So he did something...as important as marketing was as an operational objective, he named these things called hidden factories. And he said, 30% of all that work is in these hidden factories. And it's just dealing with small, little defects that we never ever solve. But over time, they actually erode our productivity of systems that can eat up 10% to 20% of productivity. And then, finally, it's work that I'm doing. It's the precursor to a major accident or disaster. And the good side is if you leave the way the system works alone, the 80%, and just focus on understanding and reducing these hidden factories, you can see a dramatic improvement quickly and only focus on what you need to fix.
TROND: So, for you, you focus on when the system falls apart. So you have the risk angle to this problem.
JOHN: Exactly. And so just two things, I'm like a doctor, and I do diagnosis. So when you go to the doctor, I'm not there to look at your whole system and fix everything. I'm like, here are first three things we got to work at, and, by the way, I use data to do that. And what I realized is if everyone just steps back after this call and thinks about today, right? When you get to the end of the day, what percent of everything in that factory or system happened that was in your schedule?
And you'll start to realize that 30% of the people are chasing symptoms. So you need data to get to that root cause, and that will tell you what data to collect. And second, look for time because what you're doing is these hidden factories are trying to keep the system running because you have a customer. You have your takt time, and so people are scrambling. And if you put that time back into the system, that's going to turn into product.

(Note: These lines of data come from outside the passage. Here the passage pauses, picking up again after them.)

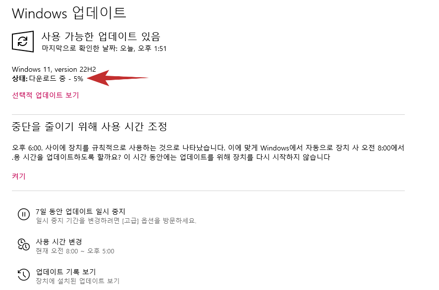 업데이트 아이콘 찾기 및 윈도우11 다운로드
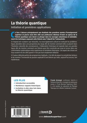 Ce livre est un cours clair et accessible de la théorie quantique. Si l’exposé est "scolaire" par nécessité, il est également culturel en resituant les problématiques abordées dans une perspective plus large afin de montrer comment elles se placent dans l’évolution naturelle des connaissances. Notamment, l’élaboration historique de la mécanique quantique est exposée dans ses grandes lignes afin de montrer comment une théorie peut être construite par essai et erreur dans une confrontation systématique entre expériences et tentatives théoriques.
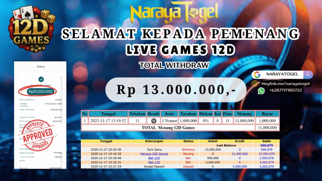 selamat kepada User id VOP* Telah berhasil mendapatkan kemenangan besar pada permainan LIVE GAMES 12D Dengan kemenangan Sebesar Rp 13.000.000 Setelah mengisi formulir withdraw dengan kurang waktu hanya 1 – 10 menit pihak NARAYATOGEL sudah melakukan transfer kepada pemiliknya dan dana sudah masuk ke rekening id tersebut oleh pemenang. Bukti pembayaran yang kami berikan merupakan bukti pembayaran yang SAH / VALID yang langsung di dapatkan melalui tanda transfer transaksi berhasil dari Bank yang di tuju.
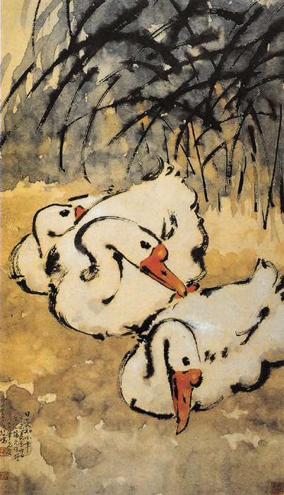 近代 徐悲鸿 纸本设色 1931年 此画左下角题:“日长如小年。辛未夏至写第二幅。元作赠宗白华兄矣。静文爱妻存。悲鸿。”以往不少人画鹅多画鹅群在水中游泳嬉戏的情景,此画所选取的描写角度和意境完全不同。画中的三只白鹅卧于岸边的沙土上休息,呈相互关爱状,画面充满阳光感,背景是一片生长茂盛的芦苇。画面色调给人一种暖融融的审美感受,画家借描写鹅与鹅的相互关系,似乎在抒发人与人之间相互应有的关心和爱护的情怀。此画在笔墨及设色上既有传统水墨写意画的特色,又借鉴吸收了西洋画的某些技法特点,如在环境色对鹅的白色羽毛用色的影响等。 |
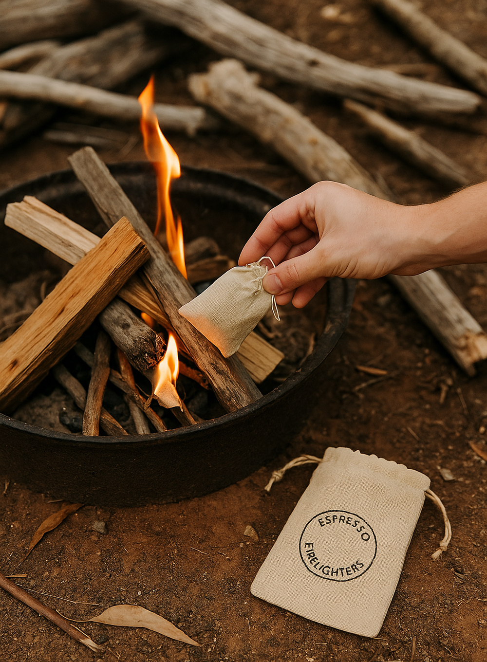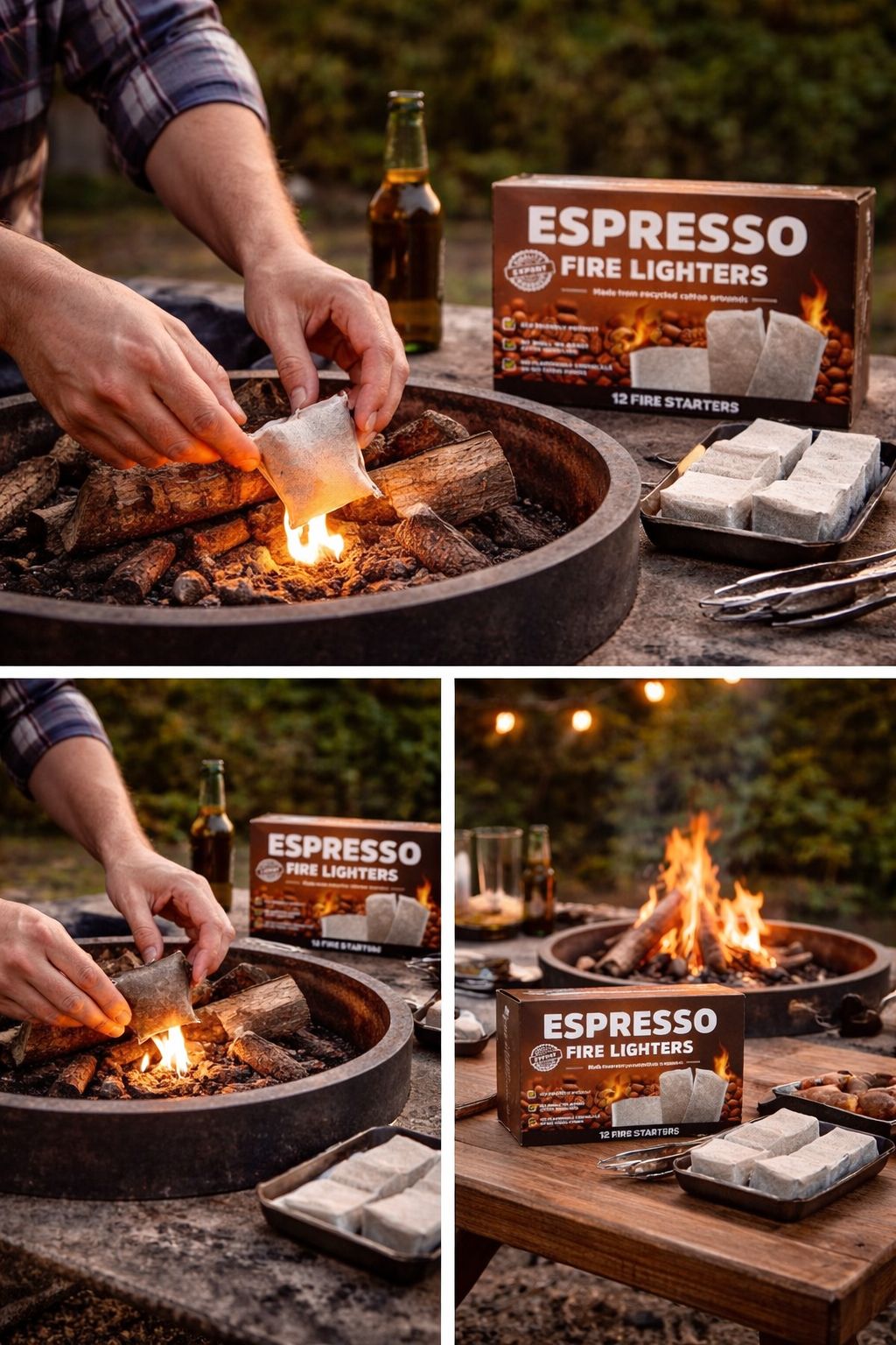 Espresso Firelighters are very impressive. They turn used coffee grinds into flames. Clean burn, zero guilt. My kind of fire lighters. 👆
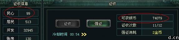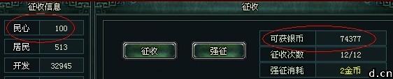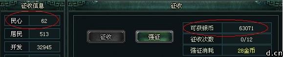 征收想征多少就征多少吗?哪有那么好的事,还是要问人民的意愿。因此,征收银两的多少是随着民心的数值相应变化的。从下图也可以看出
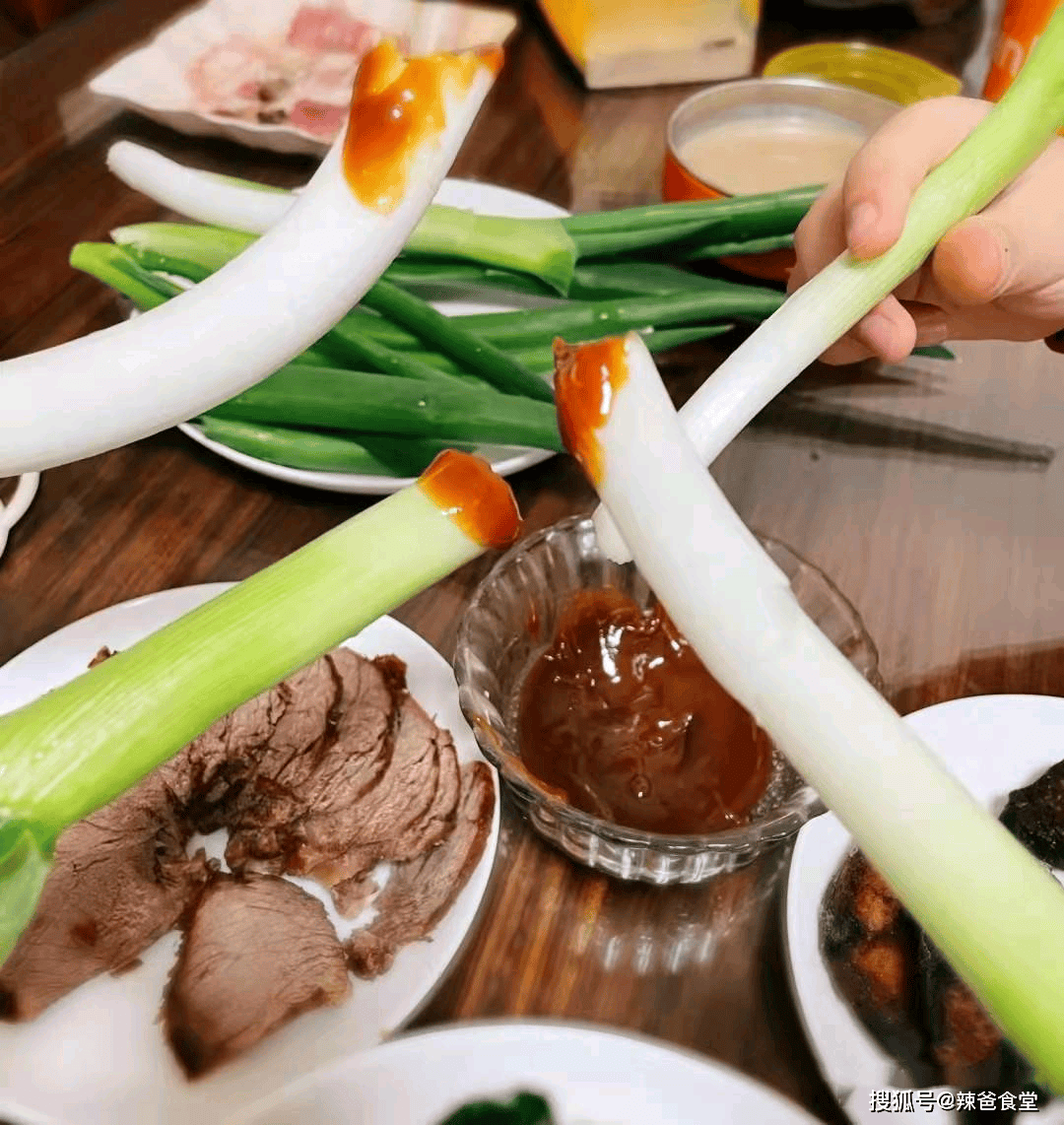 蘸酱菜用的食材,不同地方也有差别。东北的蘸酱菜食材最丰富,除了常见的黄瓜、大葱、生菜、苦苣、水萝卜,春天还有各种野菜,比如婆婆丁、曲麻菜、小根蒜,这些野菜带一点淡淡的苦味,蘸上大酱正好中和,解腻又去火,是东北人春天的限定美味。山东的蘸酱菜,最经典的就是大葱,尤其是章丘大葱,甜度高、辣味淡,直接蘸甜面酱吃,是很多山东人的最爱。不管是东北还是山东,都很喜欢用干豆腐卷上大葱、黄瓜、香菜,再蘸上酱,一口下去口感丰富,越吃越香。
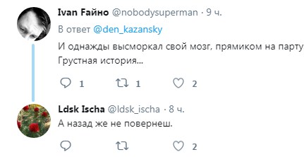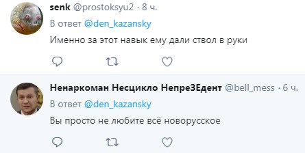 Пользователь Twitterнисколько не удивились особым умениям человека с фотографии, и пошутили, что за примерно такие же таланты многие боевики из рожденных в Украине получили оружие. Также они отметили стремительный карьерный рост боевика и его большой потенциал – согласно данным сайта "Миротворец" он является "заместителем командира взвода, сержантом республиканской гвардии террористов ДНР".
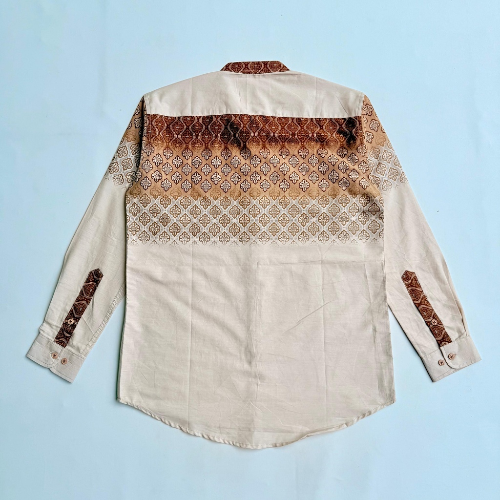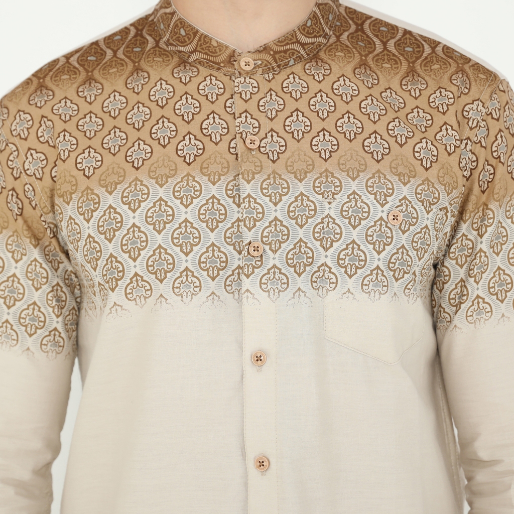 Vanfive Kemeja Koko Batik Shanghai Lengan Panjang Pria Slim Fit ZAFRAN - Beige
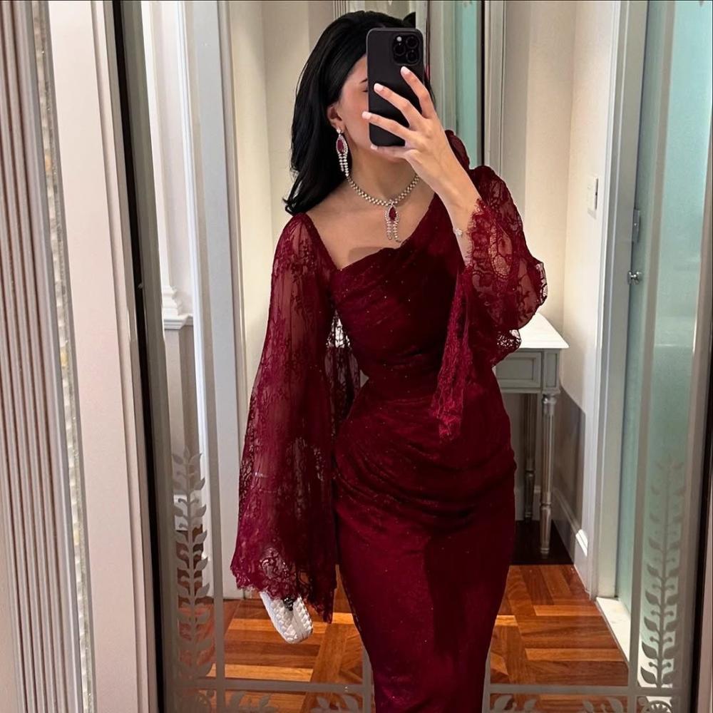 فستان نسائي دانتيل مزين بالفصوص ليجعل الفستان يبدو أكثر اثارة و فخامة هذا الفستان مثالي للمناسبات الخاصة والسهرات الفاخرة .
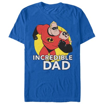 Bob is learning that being a parent is heroic when "done properly" so he deserves The Incredibles 2 Modern Incredible Dad Men's T-Shirt for his hard work. A cool geometric print shows off Mr. Incredible, Elastigirl, Violet, and Dash alongside "Incredible Dad" on this cool Incredibles shirt.
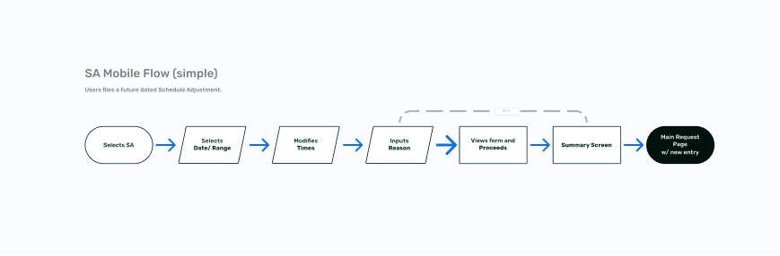 A detailed flow for filing a Schedule Adjustment for the mobile app.
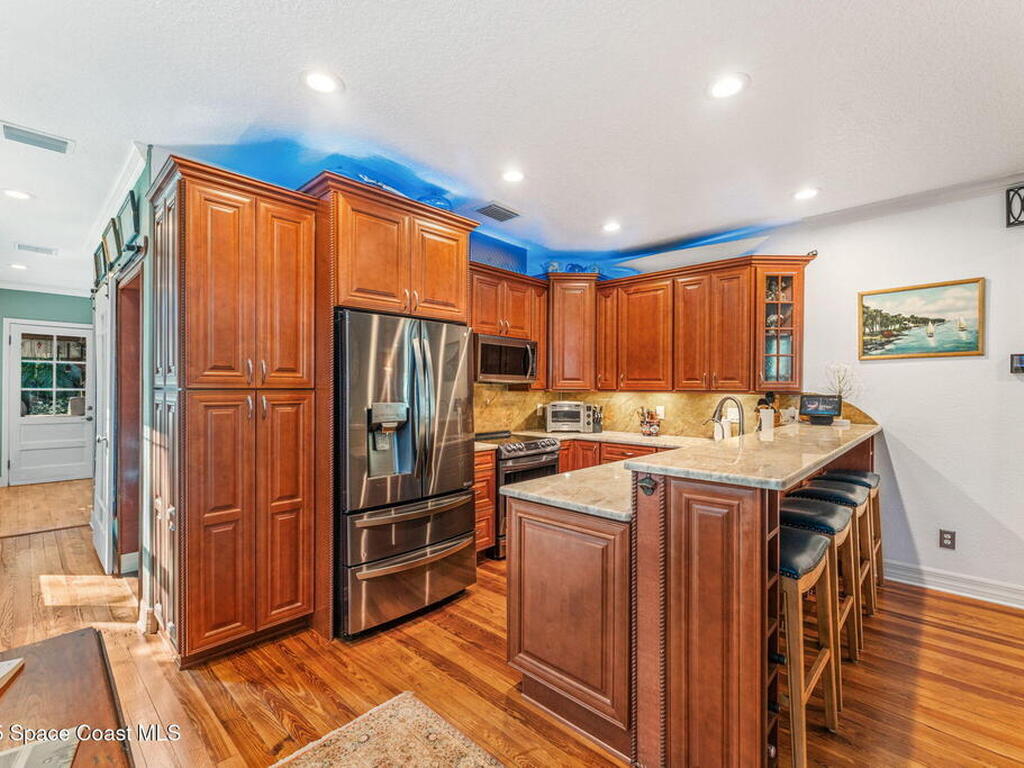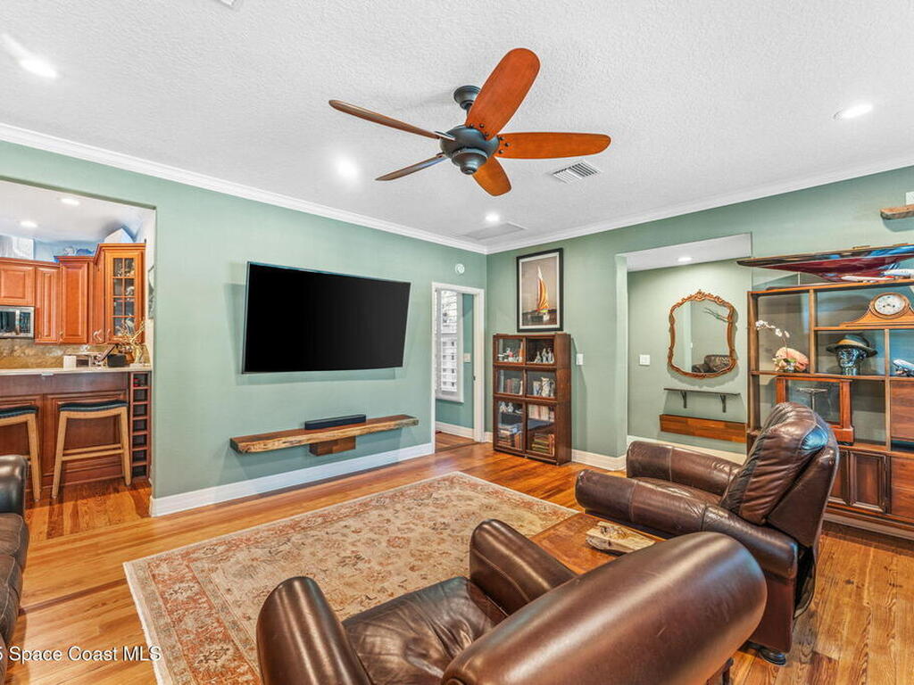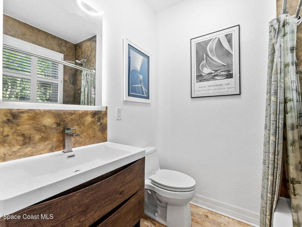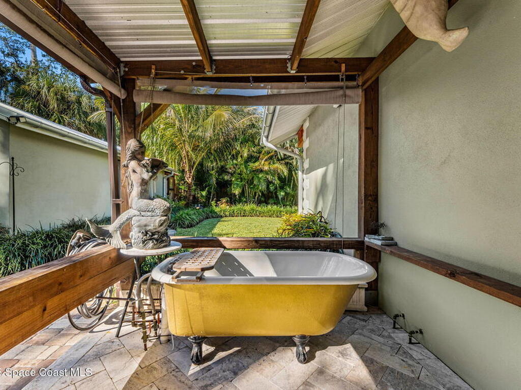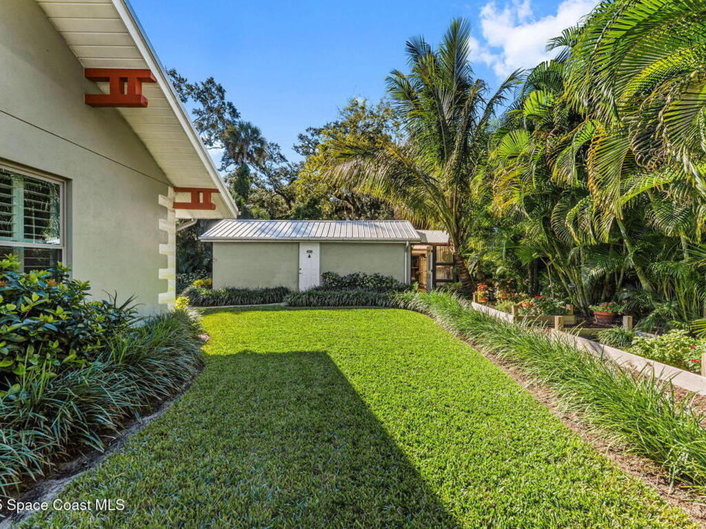 One of Cocoa Village's most distinctive homes, the ''Cement Bungalow'' was lovingly restored and reimagined with no detail overlooked. This complete frame-out renovation features all-new hurricane windows, electrical, plumbing, and insulation blending the character and nostalgia of a historic cottage with the comfort, efficiency, and peace of mind of modern construction. Every space showcases thoughtful craftsmanship and elegant design, from the expansive primary suite and inviting living areas to the gourmet kitchen and guest suite with private bath. The spacious double lot has meticulously maintained landscaping and includes a detached cottage with workshop, storage, greenhouse and an attached carport and spacious paver driveway. Enjoy the welcoming charm of the front porch or unwind on the private back porch complete with an outdoor soaking tub overlooking the garden. This home is just steps from Historic Cocoa Village, shopping, dining and the Indian River

TROND: John, I'm just curious; when you say data, I mean, there's so much talk of data and big data and all kinds of data. But in manufacturing, apart from the parts that you're producing, I mean, some of this data is hard to come by. When you say data, what data will you even get access to?
JOHN: I come from the Albert Einstein School is. I need a ruler, and I need a stopwatch. Go into any system that you work in, whether it be your factory or your house, and ask the last time someone measured how long something took, and you will find a dearth of that data. And the reason why I love time data is it never lies. Most data I see in databases was collected under some context; I can't use it. So I go right in the floor and start watching 5 or 10 observations and looking at all the variation.
The second point I ask is, what's a minute worth in your system or a second? So if we're in an auto assembly plant, in a chemical plant, if we're in a hospital, in an operating room, those minutes and seconds are hundreds of thousands of dollars. So within about 20 minutes, not only have I measured where there's opportunity, we're already on the way to solving it.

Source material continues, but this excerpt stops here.